Source : FISH ’S Clinical psychopathology
Body image distortions
Hyperschemazia, or the perceived magnification of body parts, can occur with a variety of organic and psychiatric conditions. When part of the body is painful it may feel larger than normal. When there is partial paralysis of a limb, the affected segment feels heavy and large, as in Brown–Sequard paralysis when the side with the extrapyramidal signs is hyperschematic, in peripheral vascular disease, in multiple sclerosis and following thrombosis of the posterior inferior cerebellar artery. In the latter two the hyperschemazia is unilateral. It may also occur in non-organic conditions such as hypochondriasis, depersonalisation and conversions disorder, and the distortion of image that is associated with feelings of fatness in anorexia nervosa is probably the best known.
The perception of body parts as absent or diminished is known as aschemazia or hyposchemazia respectively and is most likely to occur in parietal lobe lesions such as in thrombosis of the right middle cerebral artery, following transaction of the spinal cord or in health volunteers when
underwater. Hyposchemazia must be distinguished from nihilistic delusions.
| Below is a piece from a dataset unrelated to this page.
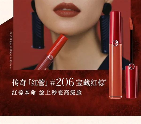 被视为女人会一见钟情的阿玛尼NO.1*唇萃「阿玛尼奢华丝绒订制唇萃」以独家「4D丝绒雾光球体」 随光线自然折射色泽,创新「丝绒柔滑凝胶」抚平唇纹高效润泽,打造丝绒雾光,遇见当下随时爱上这就是它的魅力,2022「阿玛尼奢华丝绒订制唇萃-七夕限定版」将3款经典热卖色,#206红棕玫瑰这最被男人激赏的甜美焦糖暖红棕,不彰显的甜蜜一如爱情中最令人回味的暧昧期,#405绯红礼帽就是你俩的爱情,红的火热又经典,#415枫红玫瑰则是浪漫的秋意枫叶红,象征着恋爱中不可缺少的小确幸,GIORGIO ARMAN为期限定的人气色选,以红线缠绕系着爱,为你找到命中注定!
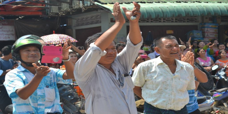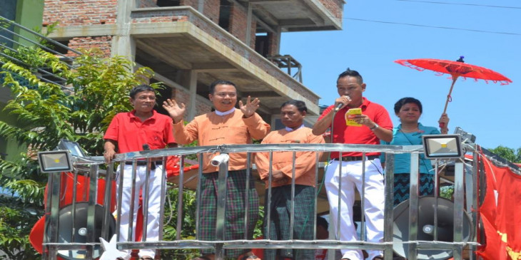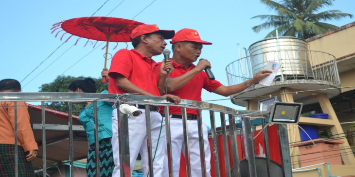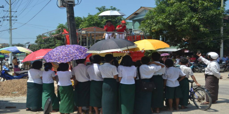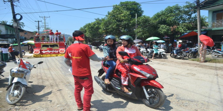 ခ်စ္ေခ်ာႏွင့္ပြမ္ပြမ္တုိ႔ ျပက္လံုးမ်ားျဖင့္ မဲဆြယ္ေနသည့္ ၿမိတ္အန္အယ္လ္ဒီ (ဓာတ္ပုံ)

Sims’ (2003) comprehensive description of body image distortions cites Critchley (1950) as describing a patient with a parietal lobe infarct who had complex hyper- and hyposchemazia, ‘It felt as if I was missing one side of my body (the left), but it also felt as if the dummy side was lined with a piece of iron so heavy that I could not move it … I even fancied my head to be narrow, but the left side from the centre felt heavy, as if filled with bricks’.
Koro or the belief that the penis is shrinking and will retract into the abdomen and cause death is found in South-East Asia and is thought to be due to a faulty understanding of anatomy. The diagnostic equivalent is probably anxiety disorder. Paraschemazia or distortion of body image is described as a feeling that parts of the body are distorted or twisted or separated from the rest of the body and can occur in association with hallucinogenic use, with an epileptic aura and with migraine on rare occasions.
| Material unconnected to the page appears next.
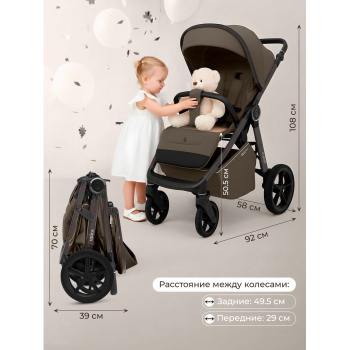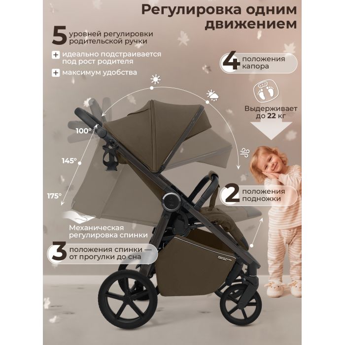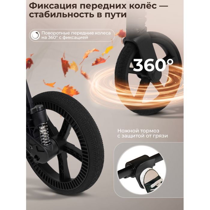 Новые интонационные колеса из высокомолекулярного сшитого полимера с регулируемой подвеской обеспечивают мягкую и комфортную прогулку как в городе, так и на природе. Передние колеса поворотные с функцией фиксации обеспечат отличную маневренность.

Hemisomatognosia is a unilateral lack of body image in which the person behaves as if one side of the body is missing and it occurs in migraine or during an epileptic aura. Anosognosia is ‘denial of illness’ and one study (Cutting, 1978) found that 58% of those with right hemisphere strokes
denied their hemiplegia early after stroke and refused to admit to any weakness in their left arm. This belief typically remains despite manifest demonstration that it is paralysed. Some patients show bizarre attitudes to their paralysed limb, known as somatoparaphrenia (delusional beliefs about
the body). They may have too many, they may be distorted, inanimate, severed or in other ways abnormal (Halligan et al, 1995). They may claim the limb belongs to a specified other person (Bisiach et al, 1991). Hemispatial neglect is the neglect of the hemispace on the contralateral side to the lesion when performing tasks, and a specific example, Gerstmann syndrome (lesion of dominant parietal lobe) consists of agraphia, acalculia, finger agnosia and right/left disorientation.